На фоне этой-то красоты, ровно на следующий день после нашего разговора, из Ирининых мыслей материализовался и явился в деревню Петя.
Он шагал светло и непобедимо, разгоняя сиянием физиономии первую дымку вечера. Вошёл в открытые ворота, за которыми недавно я припарковал машину, и вместо приветствия сунул мне в руки программку концерта. На титульном листе был отпечатан крещенский рисунок Ильи – Ирина в снежном лесу. И так славно, к месту, он лёг под старомодные названия Тёмушкиных пьес – «Февральская фантазия», «Солнцеворот», «Стая», – что сразу верилось в их красоту. Имя первого исполнителя было набрано строгими буквами у Ирининых ног.
– Ну что? Нравится? – спросил Петя, торжествуя, и понюхал, как розу, пахнущий свежей краской листок. – Ах! Пойду преподнесу. Пусть попробует не явиться!
– Так не скоро ещё, – заметил я, взглянув на дату.
– И отлично! – возразил Петя. – Основательно пусть готовится! Пусть жизнь свою перелопатит и решит уж наконец!
Его голос сверкал по тишине Старой Весны, алым цветом искрило в глазах заходящее солнце, и разъезженная глина дороги, где вели мы наш разговор, поблёскивала на гребнях, как морская волна. Петины ботинки оказались зализаны ею доверху.
– Тузин как, дома? – спросил он, бросая взгляд на дальнюю сторону деревни. Там сине, с малиновыми искрами, гаснул ельник.
– Не знаю. Но в театр он больше не ездит.
– Это хорошо! – кивнул Петя. – Приглашу обоих! – и вдруг пристально и прямо уставился мне в лицо. – Слушай, брат, давно хотел спросить: ты-то сам за кого болеешь? За него или за меня?

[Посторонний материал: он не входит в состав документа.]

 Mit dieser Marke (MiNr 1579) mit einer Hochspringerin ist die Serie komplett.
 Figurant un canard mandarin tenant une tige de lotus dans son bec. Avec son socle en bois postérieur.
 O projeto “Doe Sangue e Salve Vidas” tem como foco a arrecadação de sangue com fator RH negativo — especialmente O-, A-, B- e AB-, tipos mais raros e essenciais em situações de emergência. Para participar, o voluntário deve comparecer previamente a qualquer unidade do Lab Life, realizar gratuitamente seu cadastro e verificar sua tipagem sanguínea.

– А за кого ты болел, когда Майя пошла лечить глаза?
– А я болел за Бетховена! – сказал он. – За такую жизнь, в которой будет рождаться музыка! – И, хлопнув меня по плечу, как если бы это мне, а не ему, была нужна удача, двинулся в сторону Тузиных.
Я остался курить у ворот, взглядом провожая его до калитки. Ну вот, дёрнул проволочку и сгинул. Мне было слышно, как у Тузиных хрипло взлаял и закашлялся старый пёс. Я хотел дождаться Петиного возвращения на улице, но солнце стекло за ельник и такой бесприютный ветер засвистал в грудь, что ноги сами понесли меня в бытовку.